If I go for a nice walk in the woods, I'll be relaxed. If I hit the gym and do some lifting, I'll be pumped. But your argument is saying something a little different. You are arguing that the content, not the interpretation, is what matters. If a game is violent, it will "strongly influence" the player to be more violent, regardless of who the player is.
You have it backwards. A walk in the woods relaxes me because I like the woods. YOU may have been lost in the woods as a kid, so a walk in the woods now would not be relaxing at all, it would be a stressful experience. The same walk in the woods will produce two different reactions because we are two different people. No one would think to argue that everyone should find a walk in the woods relaxing simply because I do. Is your reaction, or my reaction, more of a product of the walk, or of who we are?
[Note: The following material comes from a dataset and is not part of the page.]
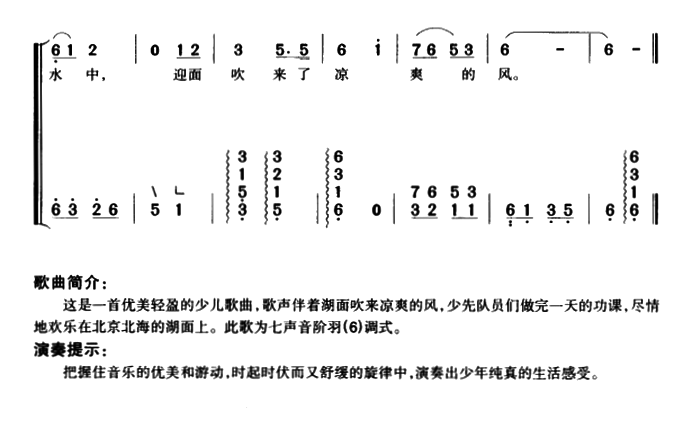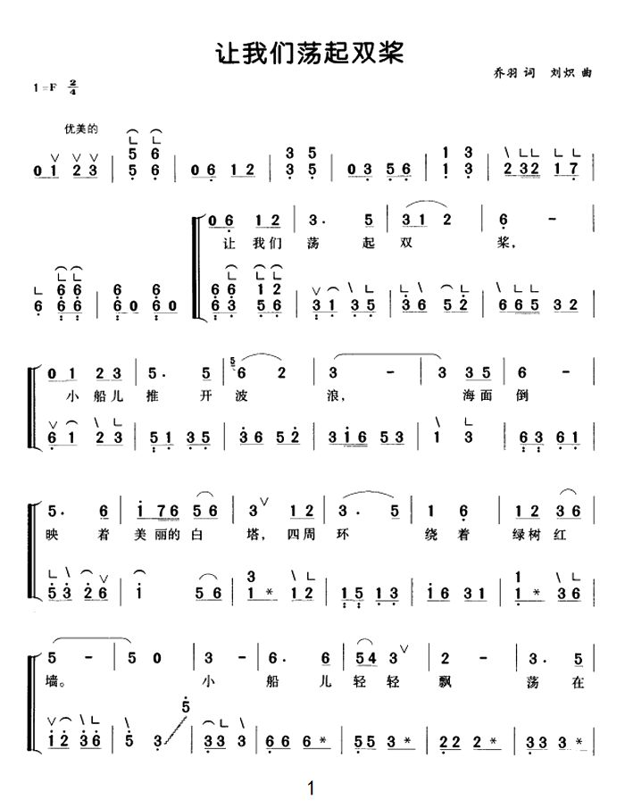 《让我们荡起双桨》是乔羽先生作词,刘炽先生作曲,刘惠芳演唱的歌曲。该曲是1955年拍摄的少儿电影《祖国的花朵》的主题曲。

Experiences affect us, that's basic psycology. However, no experience affects two different people the same way. That is the crucial part your theory leaves out. The fact that Doom 3 might make some people want to kill other people is much more of a product of who they are than what the game is. Basic logic tells us this MUST be the case, otherwise everyone would react the same way to the same experiences.
Please explain to me why people can react so differently to the same things, like a walk in the woods, yet they all MUST feel more violent because they play Doom 3. I would really love to hear an explanation of this mind blowing theory.